A best practice which we advise is to have up-to-date insight in each project into the actuals, contractual obligations, the approved budget and the (financial) forecasting. You are then always in control of what you have (already) spent, what you have agreed to spend or whether that needs to be adjusted within the allocated budget, and whether that still reflects the total amount you expect to spend and earn. You can also facilitate this process with smart software. Via a link with the accounting system, you share finance information so that data only needs to be entered and updated in one place. The entire process is also easy to manage due to the workflow in the system and the many standard reports.
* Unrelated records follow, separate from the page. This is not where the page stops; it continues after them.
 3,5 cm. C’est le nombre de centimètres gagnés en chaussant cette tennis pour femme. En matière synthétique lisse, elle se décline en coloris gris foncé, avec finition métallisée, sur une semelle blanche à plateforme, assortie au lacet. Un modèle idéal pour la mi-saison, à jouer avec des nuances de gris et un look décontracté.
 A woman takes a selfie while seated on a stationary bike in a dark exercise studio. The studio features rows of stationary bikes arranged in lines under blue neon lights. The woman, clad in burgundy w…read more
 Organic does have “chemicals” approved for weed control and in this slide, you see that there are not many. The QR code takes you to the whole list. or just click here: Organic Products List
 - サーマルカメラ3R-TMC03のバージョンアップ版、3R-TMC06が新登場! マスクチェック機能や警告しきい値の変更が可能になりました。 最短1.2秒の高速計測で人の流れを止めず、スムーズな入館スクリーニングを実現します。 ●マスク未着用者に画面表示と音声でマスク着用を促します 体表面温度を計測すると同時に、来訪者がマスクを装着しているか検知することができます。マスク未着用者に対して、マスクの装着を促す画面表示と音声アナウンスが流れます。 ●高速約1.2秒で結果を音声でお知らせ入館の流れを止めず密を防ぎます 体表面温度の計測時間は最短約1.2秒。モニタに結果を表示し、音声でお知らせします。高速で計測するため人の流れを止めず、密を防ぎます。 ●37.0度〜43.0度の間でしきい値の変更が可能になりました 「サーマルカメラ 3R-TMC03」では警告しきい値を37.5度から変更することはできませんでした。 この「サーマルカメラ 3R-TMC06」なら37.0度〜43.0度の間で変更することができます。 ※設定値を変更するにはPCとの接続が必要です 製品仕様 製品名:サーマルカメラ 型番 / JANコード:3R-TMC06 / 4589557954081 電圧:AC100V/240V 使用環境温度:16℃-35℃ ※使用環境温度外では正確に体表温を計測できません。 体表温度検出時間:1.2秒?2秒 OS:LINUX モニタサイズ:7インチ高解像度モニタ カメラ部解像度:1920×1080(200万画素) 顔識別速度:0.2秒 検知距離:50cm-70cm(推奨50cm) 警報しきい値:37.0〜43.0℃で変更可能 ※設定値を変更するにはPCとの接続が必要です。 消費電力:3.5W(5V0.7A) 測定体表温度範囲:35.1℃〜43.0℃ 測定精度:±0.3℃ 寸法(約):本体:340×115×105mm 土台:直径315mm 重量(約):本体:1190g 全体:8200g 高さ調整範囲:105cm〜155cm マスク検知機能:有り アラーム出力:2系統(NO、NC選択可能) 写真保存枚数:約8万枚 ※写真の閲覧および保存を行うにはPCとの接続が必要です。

Pillar 4: Project structure
A good project structure also helps you to be consistently successful. By that, I don’t mean the legal or fiscal structures of your project. Although that is obviously important, in this context I mean a good structure of entities on which you base your financial forecasting. For example, do you choose to subdivide your plan financially by following the division of the building blocks, the different real estate assets functions or based on rent/sale? How do you actually choose which criteria on which to subdivide a project? We (too) often see that this is done based on external factors: the accounting structure is followed, the reporting format of an external regulator, etc. Our best practice is: keep it simple and consider which distinction is important to make for internal goals.
Pillar 5: Power of change
Once a project has started, change is the only constant. Plans change, designs change, contracts are negotiated, permits are applied for, etc. As a company, if you want to keep control of this, changes will need to be managed properly. Are changes relating to the forecasting or the approved budget updated in a change log? Are scenarios prepared to enable you to enter negotiations better prepared? Is the financial forecasting also adjusted if the plans change? What change requires a new approval decision, and what mandate do the workers have themselves?
The key to managing changes in the project well involves good tooling with in-built scenario options, a good process with in-built controls and the right attitude among workers. We can’t help with the latter, but we can help with the tooling and a good process!
How do you take the next step?
As an agile software company, we have learned to always implement small, clearly defined changes. That makes the change easy to implement and ensures that the result is quickly visible. You then know whether you should continue on that path or change course.